From the records below, print only the part that opens with the line containing "Gewürze sind wunderschön" and closes with the line containing "Lot includes a"; omit the pictures.

* _PROVIDED ENTRIES_

________________________________________

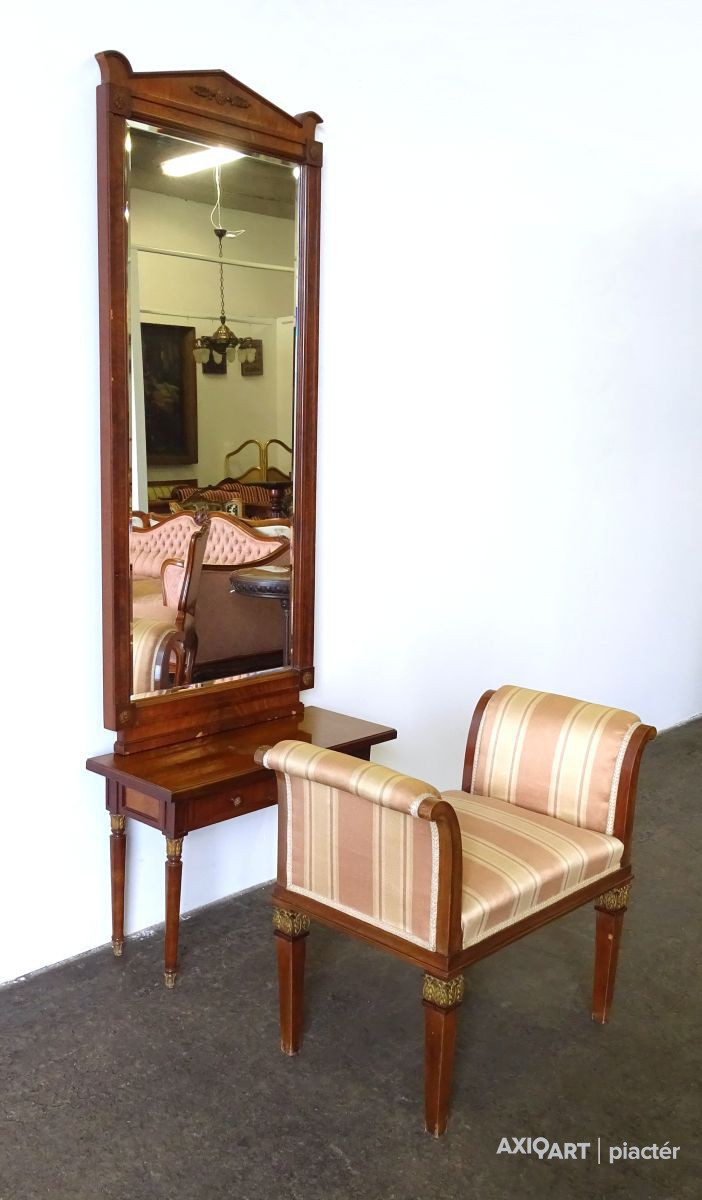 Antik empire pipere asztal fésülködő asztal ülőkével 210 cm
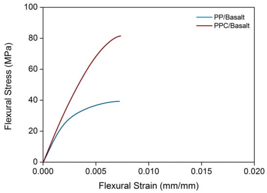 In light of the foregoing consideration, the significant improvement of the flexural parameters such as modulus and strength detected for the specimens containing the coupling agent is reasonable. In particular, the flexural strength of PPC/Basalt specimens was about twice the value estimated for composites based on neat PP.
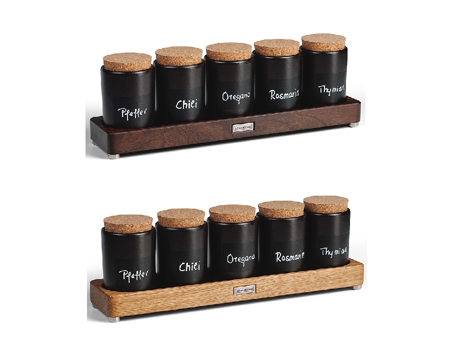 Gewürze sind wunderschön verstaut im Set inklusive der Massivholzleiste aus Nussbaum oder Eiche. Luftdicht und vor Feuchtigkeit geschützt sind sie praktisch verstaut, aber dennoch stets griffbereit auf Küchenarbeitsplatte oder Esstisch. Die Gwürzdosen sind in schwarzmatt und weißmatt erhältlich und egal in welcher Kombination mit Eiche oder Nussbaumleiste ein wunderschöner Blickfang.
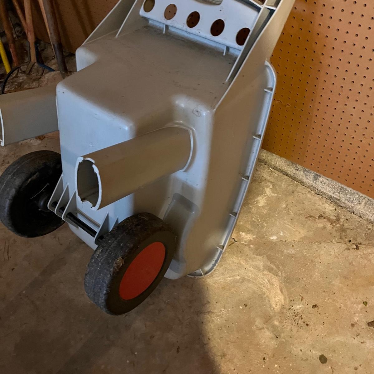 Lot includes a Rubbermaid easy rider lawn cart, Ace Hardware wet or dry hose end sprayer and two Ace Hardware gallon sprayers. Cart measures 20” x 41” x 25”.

________________________________________

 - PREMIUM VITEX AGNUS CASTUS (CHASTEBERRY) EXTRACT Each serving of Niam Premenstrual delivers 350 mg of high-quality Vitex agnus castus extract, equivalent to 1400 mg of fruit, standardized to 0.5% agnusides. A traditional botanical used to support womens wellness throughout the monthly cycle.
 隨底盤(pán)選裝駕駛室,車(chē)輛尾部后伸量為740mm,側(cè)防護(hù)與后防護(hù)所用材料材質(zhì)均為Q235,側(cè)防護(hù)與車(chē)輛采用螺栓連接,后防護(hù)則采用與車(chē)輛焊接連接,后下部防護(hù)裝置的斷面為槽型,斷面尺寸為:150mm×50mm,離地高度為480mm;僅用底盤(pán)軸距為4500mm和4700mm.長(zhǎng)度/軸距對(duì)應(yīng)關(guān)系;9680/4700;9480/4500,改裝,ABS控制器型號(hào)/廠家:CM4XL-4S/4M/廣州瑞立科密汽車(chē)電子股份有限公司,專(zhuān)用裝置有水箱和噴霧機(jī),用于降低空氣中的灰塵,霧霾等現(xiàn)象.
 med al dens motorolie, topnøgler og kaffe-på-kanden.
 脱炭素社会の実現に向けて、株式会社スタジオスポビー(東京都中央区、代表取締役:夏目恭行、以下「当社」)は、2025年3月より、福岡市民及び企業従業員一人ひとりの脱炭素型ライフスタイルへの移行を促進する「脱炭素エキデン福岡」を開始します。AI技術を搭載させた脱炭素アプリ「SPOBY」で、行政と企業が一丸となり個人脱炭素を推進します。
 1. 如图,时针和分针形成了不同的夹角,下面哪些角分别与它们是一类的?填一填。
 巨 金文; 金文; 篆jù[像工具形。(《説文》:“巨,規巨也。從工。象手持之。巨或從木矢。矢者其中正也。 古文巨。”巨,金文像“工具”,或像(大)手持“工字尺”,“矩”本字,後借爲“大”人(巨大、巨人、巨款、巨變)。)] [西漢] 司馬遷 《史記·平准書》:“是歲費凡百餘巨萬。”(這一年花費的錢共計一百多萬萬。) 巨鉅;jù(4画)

________________________________________

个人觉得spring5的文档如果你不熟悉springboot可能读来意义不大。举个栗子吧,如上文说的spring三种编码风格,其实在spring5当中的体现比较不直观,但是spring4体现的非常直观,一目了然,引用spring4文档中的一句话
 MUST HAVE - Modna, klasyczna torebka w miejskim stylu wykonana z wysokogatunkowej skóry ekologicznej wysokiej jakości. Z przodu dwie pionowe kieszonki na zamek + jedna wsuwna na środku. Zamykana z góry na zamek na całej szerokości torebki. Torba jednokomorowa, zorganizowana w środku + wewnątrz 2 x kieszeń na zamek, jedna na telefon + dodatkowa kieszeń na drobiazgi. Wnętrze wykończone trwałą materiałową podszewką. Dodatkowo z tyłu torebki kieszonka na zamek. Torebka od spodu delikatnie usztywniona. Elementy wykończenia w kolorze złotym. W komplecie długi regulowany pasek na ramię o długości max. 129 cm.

________________________________________

* _RESULT BELOW_
 Gewürze sind wunderschön verstaut im Set inklusive der Massivholzleiste aus Nussbaum oder Eiche. Luftdicht und vor Feuchtigkeit geschützt sind sie praktisch verstaut, aber dennoch stets griffbereit auf Küchenarbeitsplatte oder Esstisch. Die Gwürzdosen sind in schwarzmatt und weißmatt erhältlich und egal in welcher Kombination mit Eiche oder Nussbaumleiste ein wunderschöner Blickfang.
 Lot includes a Rubbermaid easy rider lawn cart, Ace Hardware wet or dry hose end sprayer and two Ace Hardware gallon sprayers. Cart measures 20” x 41” x 25”.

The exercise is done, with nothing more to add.